Interventional cardiologists incorporate a variety of diagnostic tools during catheterization procedures in order to plan, guide, and assess therapies. Fluoroscopy is generally used to perform angiographic imaging of blood vessels. In turn, such blood vessel imaging is used by physicians to diagnose, locate and treat blood vessel disease during interventions such as bypass surgery or stent placement. Intravascular imaging technologies such as optical coherence tomography (OCT) and acoustic technologies such as intravascular ultrasound (IVUS) and others are also valuable tools that can be used in lieu of or in combination with fluoroscopy to obtain high-resolution data regarding the condition of the blood vessels for a given subject.
Fractional flow reserve (FFR) can also be used to evaluate a blood vessel during imaging and angiography. Intravascular OCT, IVUS, and FFR are invasive catheter-based systems that collect optical, ultrasound, and pressure data, respectively, from inside blood vessels or with respect to a sample of interest. Angiography is a noninvasive x-ray imaging method that collects data from outside the body during injection of a radio-opaque contrast fluid.

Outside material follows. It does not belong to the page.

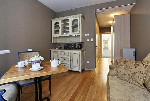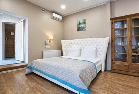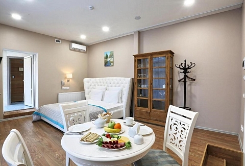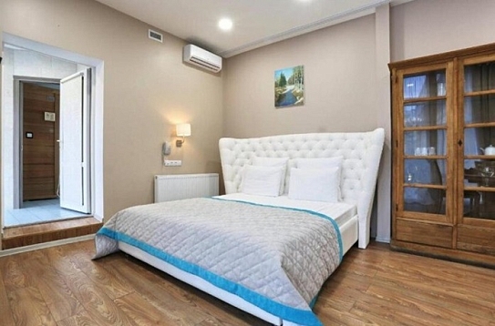 В номере: вешалка, диван, зеркало, кровать двуспальная, прикроватные тумбочки, стол, стулья, шкаф, кондиционер, микроволновая печь, мини-холодильник, набор посуды, плита электрическая, сейф, телевизор, электрочайник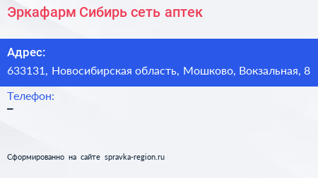 Эркафарм Сибирь, сеть аптек по адресу 633131, Новосибирская область, Мошково, Вокзальная, 8 в дальнейшем Организация, размещена в следующих категориях:

Intravascular optical coherence tomography is a catheter-based imaging modality that uses light to peer into coronary artery walls and generate images thereof for study. Utilizing coherent light, interferometry, and micro-optics, OCT can provide video-rate in-vivo tomography within a diseased vessel with micrometer level resolution. Viewing subsurface structures with high resolution using fiber-optic probes makes OCT especially useful for minimally invasive imaging of internal tissues and organs. This level of detail made possible with OCT allows a clinician to diagnose as well as monitor the progression of coronary artery disease.
Given the complexity of the various technologies described above and the associated complexity of the datasets each of them generate, performing co-registration between two image-based technologies such as OCT and angiography is time consuming. As a result, challenges regarding real time co-registration of intravascular image data and angiography image data remain. Some co-registration techniques depend heavily on user interaction. Unfortunately, taxing an operator with significant user interaction during co-registrations such as requiring manually matching corresponding points in images, a long waiting period for the algorithms to return a co-registration, and finally verifying the results, makes such approaches impractical in many clinical scenarios. In addition, other approaches use data from asynchronous or third party controlled sources which results in timing irregularities. In addition, since contrast agents, such as dyes, are used with some intravascular imaging modalities that interfere with other noninvasive imaging modalities, imaging artifacts and errors can result which interfere with co-registration between such modalities.
Accordingly, a need therefore exists to address one or more of the challenges identified above relating to intravascular imaging and angiography imaging. Embodiments of the invention address these challenges and others.